Carteret County was no exception. The center of commerce was Beaufort, and the heirs of Josiah Solomon Pender renovated the Atlantic Hotel, which had looked like a “giant haunted house,” wrote the late Virginia Pou “Sammy” Doughton (shown below).





The grand hotel had been trashed by Yankee soldiers in 1862…but then was miraculously revived as a Union hospital. It was scrubbed from top to bottom by the Sisters of Mercy, a contingent of nine Catholic nuns who came from New York City to nurse injured and ill soldiers back to health.




The Atlantic Hotel reopened in June 1866, “and almost immediately recaptured its former reputation as the social headquarters of North Carolina during the summer season,” Doughton said.
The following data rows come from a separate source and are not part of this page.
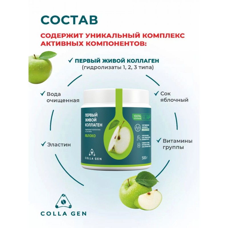 Уникальный, легкоусваиваемый, пищевой bio-комплекс COLLA GEN ЯБЛОКА доставляет жизненно важные микроэлементы в клетки и тем самым запускает процессы восстановления и оздоровления организма. Имеет улучшенную формулу коллагена с эластином для гибких суставов, эластичных связок, густых волос, упругой кожи, крепких ногтей. Запатентованный производственный процесс, а также качество и свойства продукта подтверждены клиническими испытаниями, международными сертификатами ISO и HACCP. Без добавления сахара, ГМО, красителей, глютена. 100% натуральный сок вишни в составе. Подходит всем членам семьи – детям, подросткам, взрослым, пожилым. Абсолютно безопасен для особых категорий людей – аллергиков, беременных и кормящих. ЖИВОЙ КОЛЛАГЕН – это выбор более 200 российских звезд, авторитетных врачей и спортсменов!
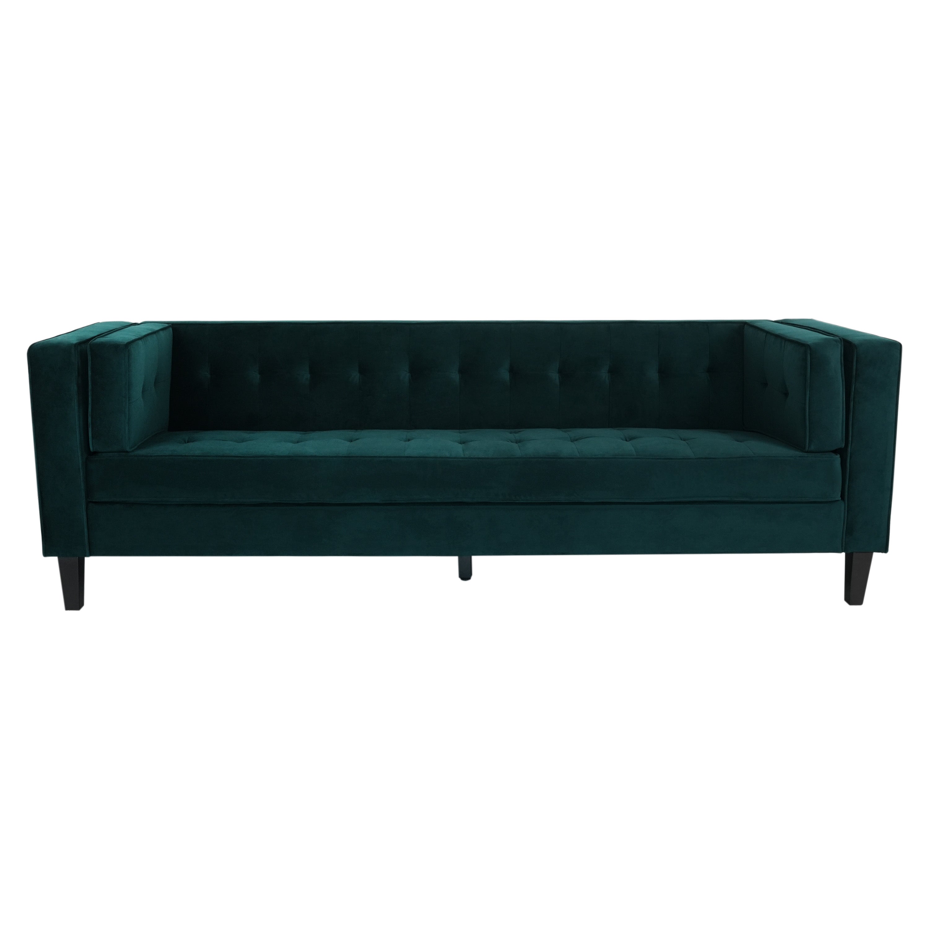 A refined blend of classic tufting and modern comfort, this three-seater velvet sofa in Frosty Green brings elegant color and lasting construction to your living room, office, or lounge. Upholstered in soft velvet with deep button tufting and a low-profile silhouette, it offers comfortable seating for three while making a sophisticated design statement.
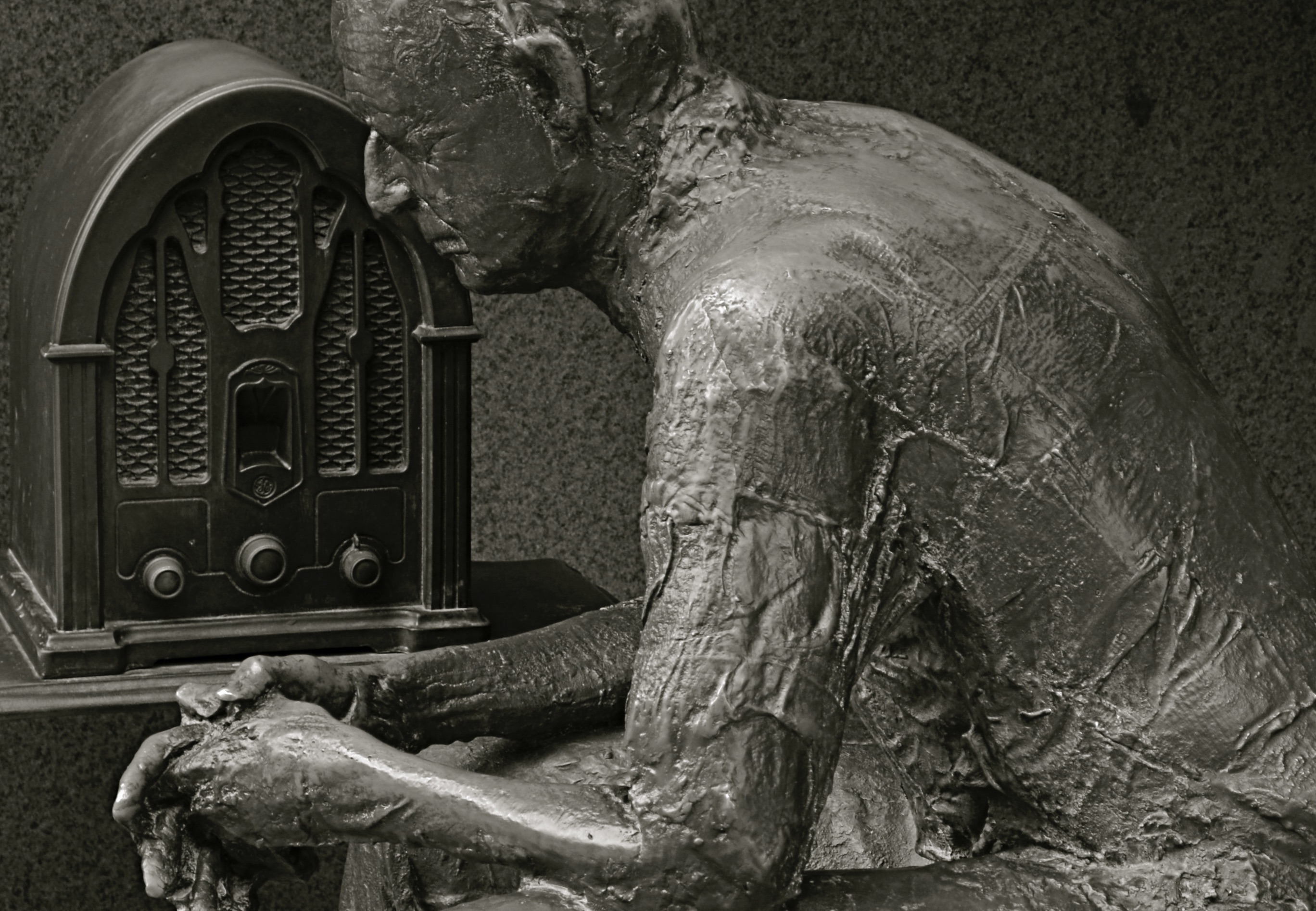 There are four open-air “rooms” in the FDR Memorial in Washington, D.C., each designed to symbolize one of the separate presidential terms of Franklin Roosevelt, along with references to the specific challenges of those four eras-within-an-era. One such room houses sculptural reminders of how the average person interacted with the White House as it faced the singular challenges of the Great Depression. The figures, by George Segal (1924-2000), are spare, gaunt, haunting. One tableau shows an emaciated farming couple standing with grim determination amidst reminders of the Dust Bowl. Another shows a string of ragged men waiting in line for bread. My favorite figure shows a seated man leaning forward on his knees, his eyes fixed on the small “cathedral” radio set located just inches away. The sculpture is more than a mere tribute to Roosevelt’s encouraging series of “fireside chat” broadcasts, which acted to bolster the frightened nation as banks failed and privation swept across America like a plague of locusts. It is a snapshot of the relationship between leaders and the led. A bond. A lifeline of trust.
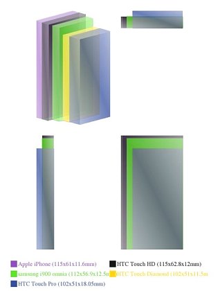 W sklepach ma się znaleźć podobno na Święta. Mniejszy, choć grubszy niż iPhone, minimalnie większy od Diamonda ma wymiary 115mm x 62,8mm x 12mm - niżej na obrazku można go porównać z konkurentami. Będzie i obsługa HSDPA i GPS, a do tego kamera 5 Mpx. Piszą, że bez lampy błyskowej, ale zdaje się że to blaga. Jak można wypuścić 5 Mpx bez flasha? Ze zdjęć widać, że pamięć użytkownika to ok. 330MB, a dane będzie można przesyłać przez extUSB i Bluetooth w wersji 2.0 z EDR. Do tego należy dołożyć obsługę kart pamięci microSD z SDHC i bateryjkę o pojemności - bagatela - 1350 mAh. Ciekawe ile czasu wytrzyma przy takim ekranie. Autorzy informacji twierdzą, że HTC Touch HD będzie miał gniazdo jack - i znów nie chce mi się wierzyć, że HTC zrezygnowało z forsowania własnego gniazda i pokłoniło się w stronę oczekiwań klientów, ale kto wie?
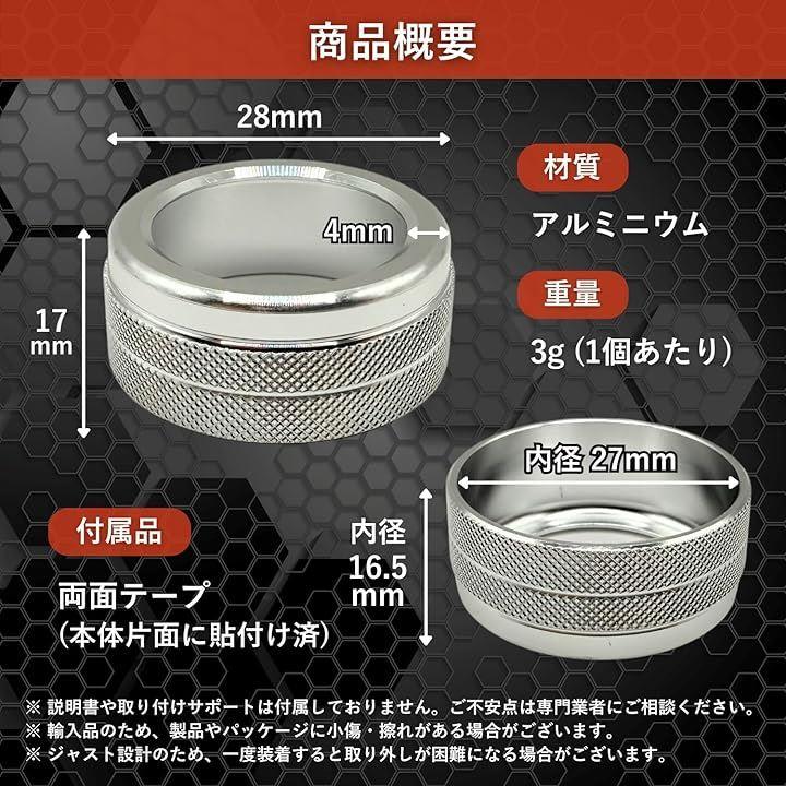 「仕様」 サイズ:外径(28mmx28mmx17mm)、内径(27mmx27mmx16.5mm) 重さ:3g(1個あたり) 材質:アルミニウム

The Pender family sold the 100-room hotel in 1874 to Capt. Robert Davidson Graham (shown below), a Charlotte attorney. (His father was William Alexander Graham, a U.S. Senator from North Carolina, who went on to serve as North Carolina’s governor.)

 


Doughton said that Capt. Graham arranged for “excursion trains from Charlotte to Morehead City” via the Atlantic and North Carolina Railroad

Guests boarded sailboats for the last leg of the trip to Beaufort…“a wonderful relief from the hot cinders of the rail ride.”

 Salt air breathed deeply was supposed to relieve any type of illness, mental or physical. The hotel stayed full,” Doughton wrote.

By 1879, the hotel had been refurbished, and every room freshly painted, by the new proprietor, Dr. George Kendrick Bagby, a surgical dentist in Beaufort.

The Atlantic Hotel’s amenities included “a bar with the best wines, cigars and liquor, a billiard room and 10-pin alley, amusements for children, croquet on the lawn” and nightly dances.

North Carolina Gov. Thomas Jordan Jarvis and his wife, Mary Woodson Jarvis, were guests in the hotel during August 1879.



The three-story hotel was at 100% occupancy on Aug. 17, 1879, when a storm was detected approaching Beaufort. Surf watchmen reportedly sent word to the hotel manager urging him to evacuate the hotel.

He declined, convincing Gov. Jarvis and the vacationers that Beaufort hadn’t had a major storm in more than 20 years, and “there was nothing to worry about. Guests went to bed that night without a care in the world,” Doughton wrote.

Two local men stepped up. Henry Congleton sounded the alarm about 3 a.m. on Aug. 18. He and Capt. Palmer Davis helped get people out, as an 8-foot surge overwhelmed the hotel. Davis grabbed as many children as he could carry.

Hurricane-force winds were reported to be in the range of 138 to 165 miles per hour (the equivalent of Category 4 and 5 in today’s grading system). The Jarvises were on the second floor and barely got out before the hotel collapsed.

 




“The good people of Beaufort went to their attics and found clothing for 150 destitute refugees,” Doughton said. 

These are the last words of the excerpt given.